Unit 1: Random Variables & Statistical Distribution

Definition of Random Variables

  • Random: situations in which the certainty of the outcome is unknown and is at least in part due to chance

  • Variable: a value that may change given the scope of a given problem or set of operations

  • Random Variable: a variable whose outcome depends on chance (possible values represent the potential outcomes of a future experiment)

Today, we will denote a random variable with lowercase letters: x

Question: which one in the following options is random variable:

  1. any company’s revenue in 2025

  2. one specific company’s monthly revenue in 2025

  3. companies whose revenue is over $30 billion in 2025

My answer: only (a)

Types of Random Variables

  1. Continuous
    • Examples of continuous random variables:
      • x represents the height of a person, drawn at random
      • Y (the outcome/DV in a GLM)
      • Some variables like exam scores or motivation scores are not truly continuous variables, but it is convenient to treat them as continuous
  2. Discrete (also called categorical, generally)
    • Examples of discrete random variables:
      • x represents the gender of a person, drawn at random
      • Y (outcomes like yes/no; pass/not pass; master / not master a skill; survive / die)
  3. Mixture of Continuous and Discrete:
    • Example of a mixture: \[\begin{equation} x = \begin{cases} RT & \text{between 0 and 45 seconds} \\ 0 & \text{otherwise} \end{cases} \end{equation}\]

Key Features of Random Variable

  1. Random variables are each described by a probability density / mass function (PDF)\(f(x)\)

    • PDF indicates relative frequency of occurrence

    • A PDF is a mathematical function that provides a rough picture of the distribution from which a random variable is drawn

  2. The type of random variable dictates the name and nature of these functions:

    • Continuous random variables:

      • \(f(x)\) is called a probability density function

      • Area under curve must equal to 1 (found by calculus integration)

      • Height of curve (the function value \(f(x)\)):

        • Can be any positive number

        • Reflects relative likelihood of an observation occurring

    • Discrete random variables:

      • \(f(x)\) is called a probability mass function

      • Sum across all values must equal 1

Note

Both maximum and minimum temperature values can be considered continuous random variables.

  • Question 1: For the density plot below, what are the total probabilities when integrating over all values of maximum and minimum temperatures ({1, 1} or {0.5, 0.5})?
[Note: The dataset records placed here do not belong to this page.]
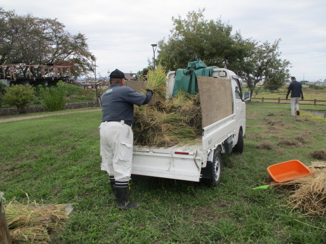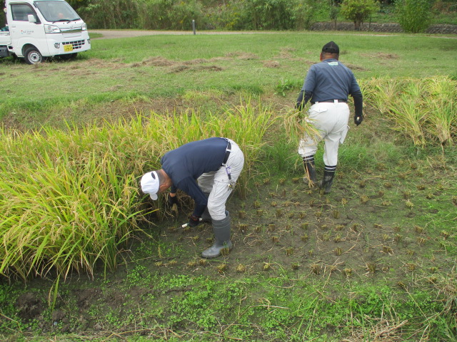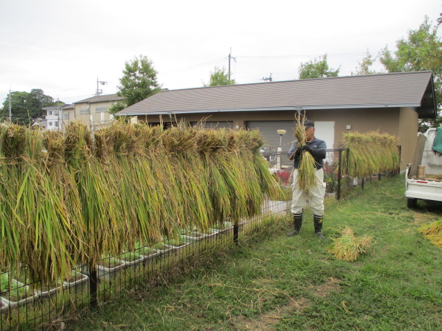 稲刈りは25日㈯スタッフで行い、現在 天日と風で乾燥させる昔ながらの方法で、倉庫横のフェンスに稲架がけにしています。これは天日乾燥させることで、葉や茎の養分が籾に凝縮され、米の旨味や食味が向上すると言われているもので、米作り担当スタッフが米の水分量をはかって、良い状態の時に脱穀をして、精米する予定です。(きっと甘くておいしいお米になると思います( ´∀` ))
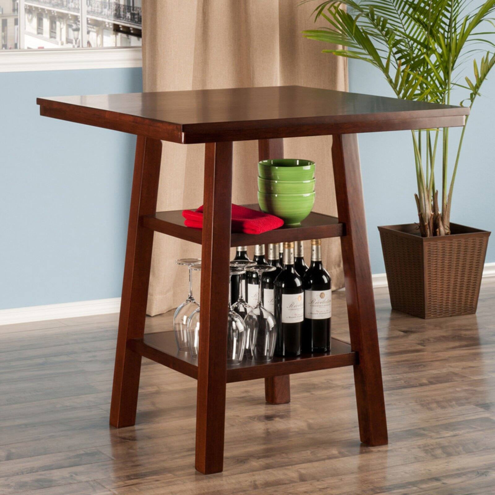 Winsome Wood Orlando High Table with Shelves, Walnut Finish
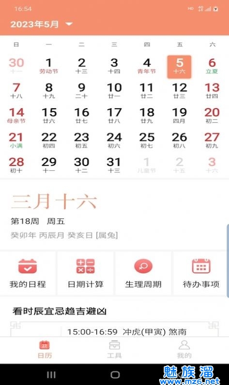 3、提供完整准确的农历功能,让用户快速了解农历日期和节气信息。它还包括十二生肖、五行和农历,供用户参考和查询。
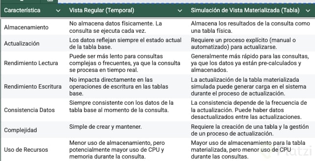 - Reducción en el tiempo de ejecución: Al almacenar los resultados ya calculados de consultas complejas, las vistas materializadas liberan recursos al evitar el recalculo en cada ejecución.
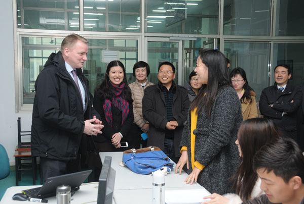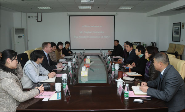 4月8日上午,博世汽车部件(南京)有限公司商务副总裁Stephan Czerwonka先生、人事总监邵勇先生、人事经理肖洁女士、培训经理芮红艳女士、副总裁助理陈育英女士、企业传播朱晓倩女士一行六人来我校考察交流。我校校长孙爱武、纪委书记苏小冬、发展合作处处长李彩虹、机械工程学院院长王晓勇、国际合作与交流处处长李建国、副处长张海宁等领导热情接待了他们的来访。

  • Answer: It is {1, 1} for maximum and minimum temperatures because they are two separate random variables.

Code
library(tidyverse)
temp <- read.csv("data/temp_fayetteville.csv")
temp$value_F <- (temp$value / 10 * 1.8) + 32
temp |> 
  ggplot() +
  geom_density(aes(x = value_F, fill = datatype), col = "white", alpha = .8) +
  labs(x = "Max/Min Temperature (F) at Fayetteville, AR (Sep-2023)", 
       caption = "Source: National Oceanic and Atmospheric Administration (https://www.noaa.gov/)") +
  scale_x_continuous(breaks = seq(min(temp$value_F), max(temp$value_F), by = 5)) +
  scale_fill_manual(values = c("tomato", "turquoise")) +
  theme_classic(base_size = 13) 

Other key Terms

  • The sample space is the set of all values that a random variable x can take:
    • Example 1: The sample space for a random variable x from a normal distribution \(x \sim N(\mu_x, \sigma^2_x)\) is \((-\infty, +\infty)\).
    • Example 2: The sample space for a random variable x representing the outcome of a coin flip is {H, T}
    • Example 3: The sample space for a random variable x representing the outcome of a roll of a die is {1, 2, 3, 4, 5, 6}
  • When using generalized models, the key is to select a distribution with a sample space that matches the range of values obtainable from the data
    • Logistic regression - Match Bernoulli distribution (Example 2)
    • Poisson regression - Match Poisson distribution (Example 3)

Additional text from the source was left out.